**TASK DESCRIPTION:** Exactly the lines from the one with "Tapis shaggy forme" through the final line of the entries, and nothing else, should appear in the answer; no pictures go in it.

DATA LISTING section start

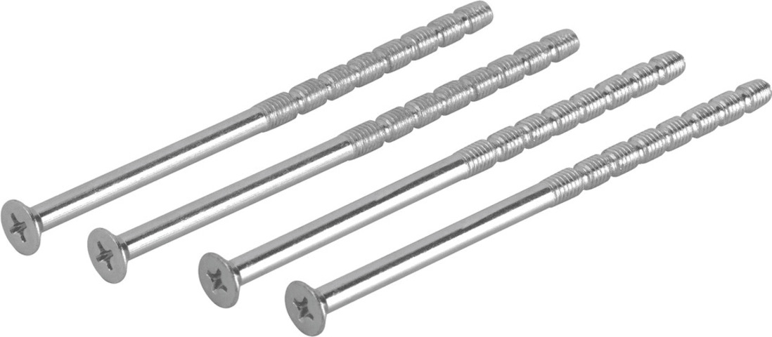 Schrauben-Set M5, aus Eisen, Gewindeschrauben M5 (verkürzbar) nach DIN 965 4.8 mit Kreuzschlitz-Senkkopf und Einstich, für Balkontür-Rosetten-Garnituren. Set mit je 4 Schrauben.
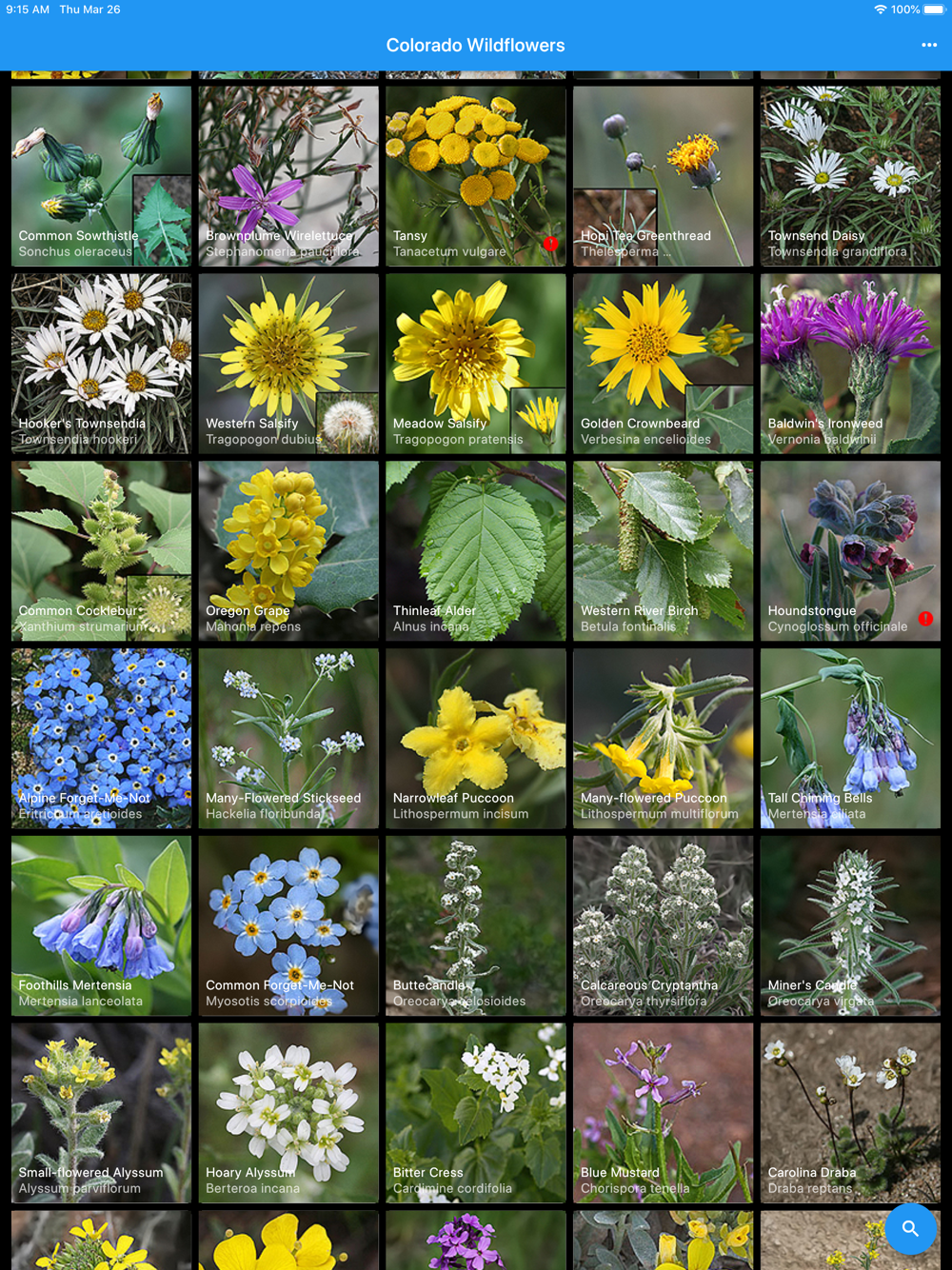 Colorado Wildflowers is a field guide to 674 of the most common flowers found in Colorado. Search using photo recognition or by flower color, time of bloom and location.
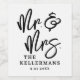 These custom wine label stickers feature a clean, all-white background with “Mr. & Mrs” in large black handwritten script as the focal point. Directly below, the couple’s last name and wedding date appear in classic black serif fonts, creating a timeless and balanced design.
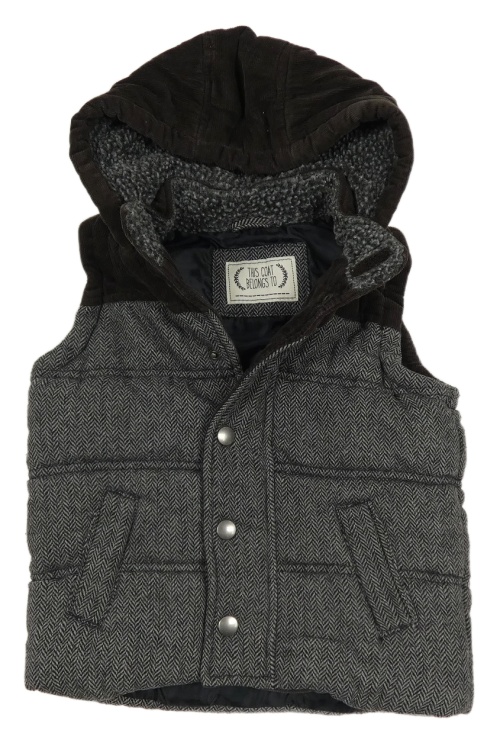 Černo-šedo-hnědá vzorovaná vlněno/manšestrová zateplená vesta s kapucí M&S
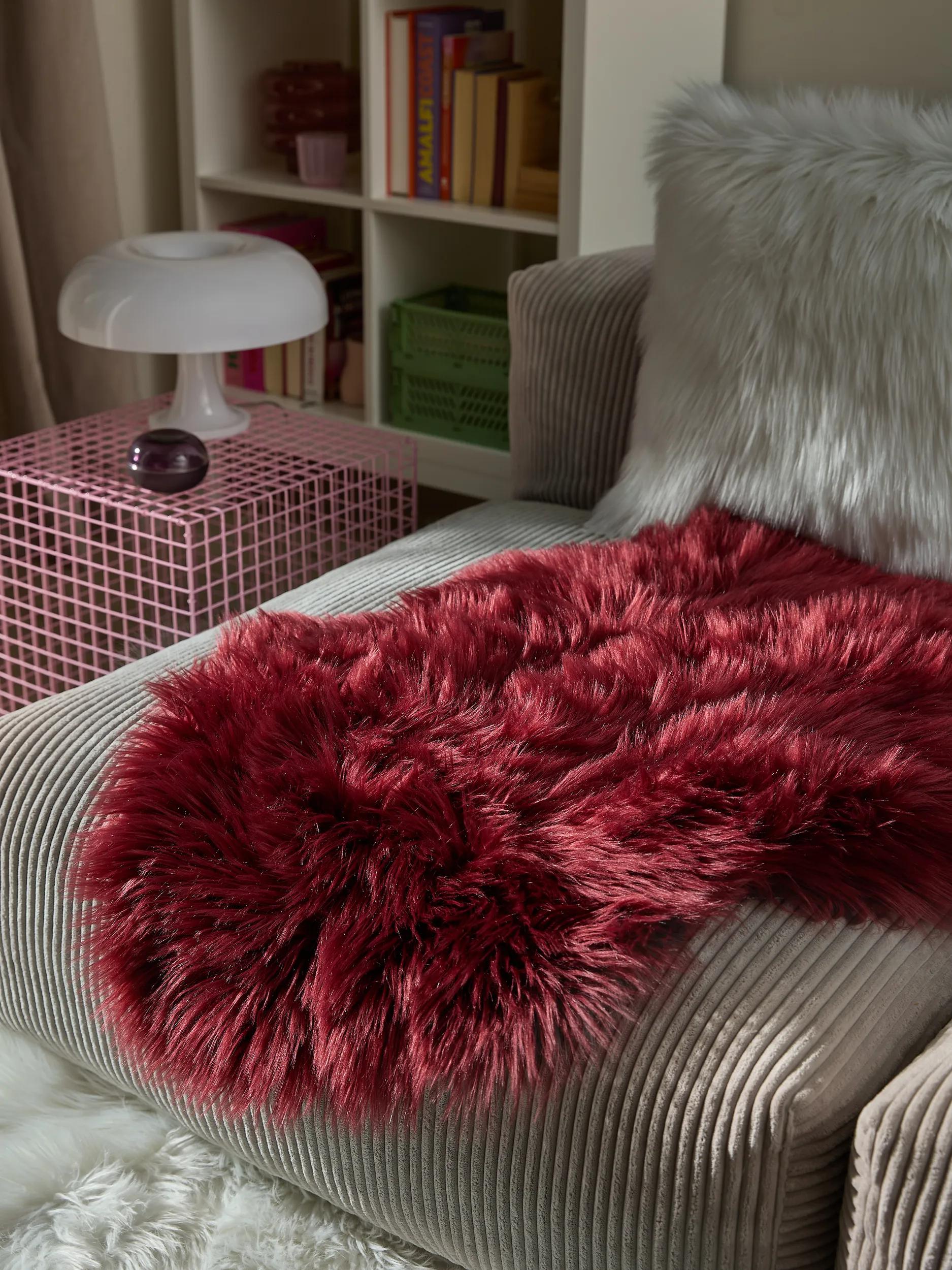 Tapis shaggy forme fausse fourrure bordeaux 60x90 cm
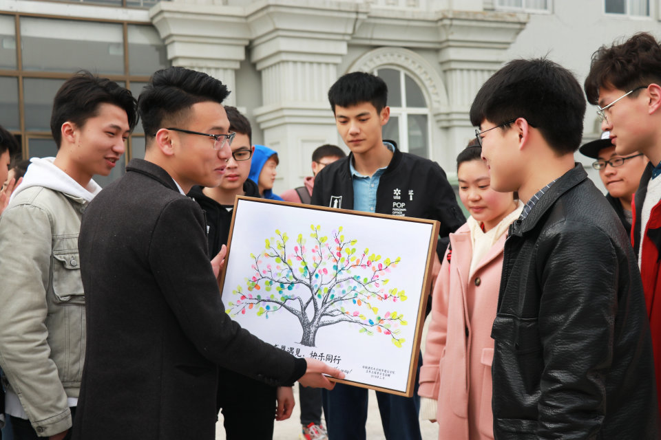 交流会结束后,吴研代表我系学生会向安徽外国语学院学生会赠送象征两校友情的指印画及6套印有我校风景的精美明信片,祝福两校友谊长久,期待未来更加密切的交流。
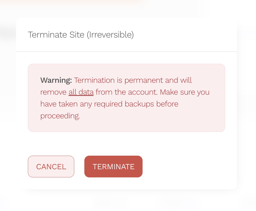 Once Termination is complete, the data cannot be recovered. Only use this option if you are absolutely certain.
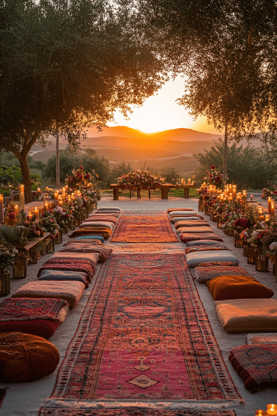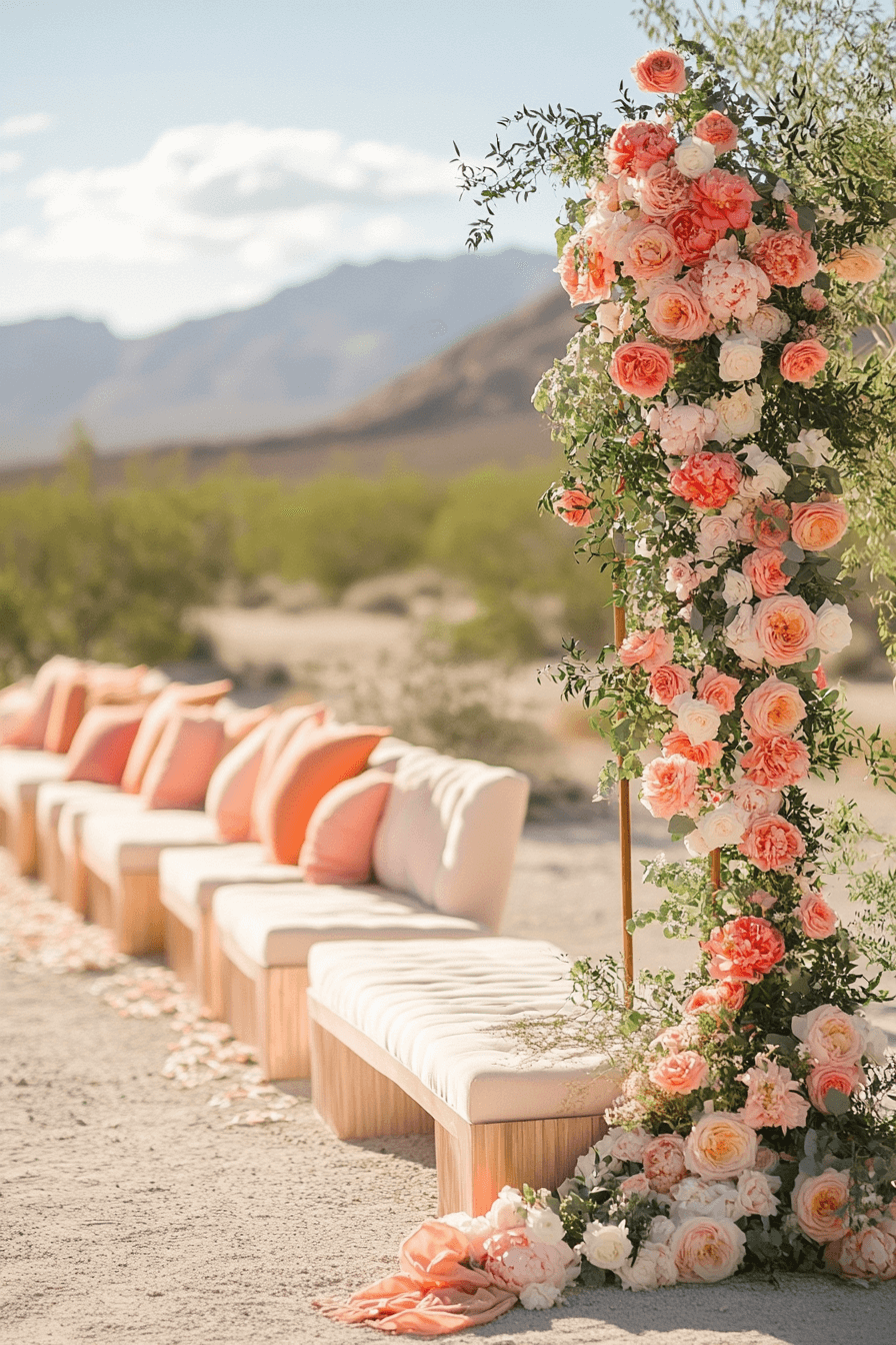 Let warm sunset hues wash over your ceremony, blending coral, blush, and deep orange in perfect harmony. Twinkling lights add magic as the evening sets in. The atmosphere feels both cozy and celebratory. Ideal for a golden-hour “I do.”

DATA LISTING section end

**ANSWER TO THIS TASK:**
 Tapis shaggy forme fausse fourrure bordeaux 60x90 cm
 交流会结束后,吴研代表我系学生会向安徽外国语学院学生会赠送象征两校友情的指印画及6套印有我校风景的精美明信片,祝福两校友谊长久,期待未来更加密切的交流。
 Once Termination is complete, the data cannot be recovered. Only use this option if you are absolutely certain.
 Let warm sunset hues wash over your ceremony, blending coral, blush, and deep orange in perfect harmony. Twinkling lights add magic as the evening sets in. The atmosphere feels both cozy and celebratory. Ideal for a golden-hour “I do.”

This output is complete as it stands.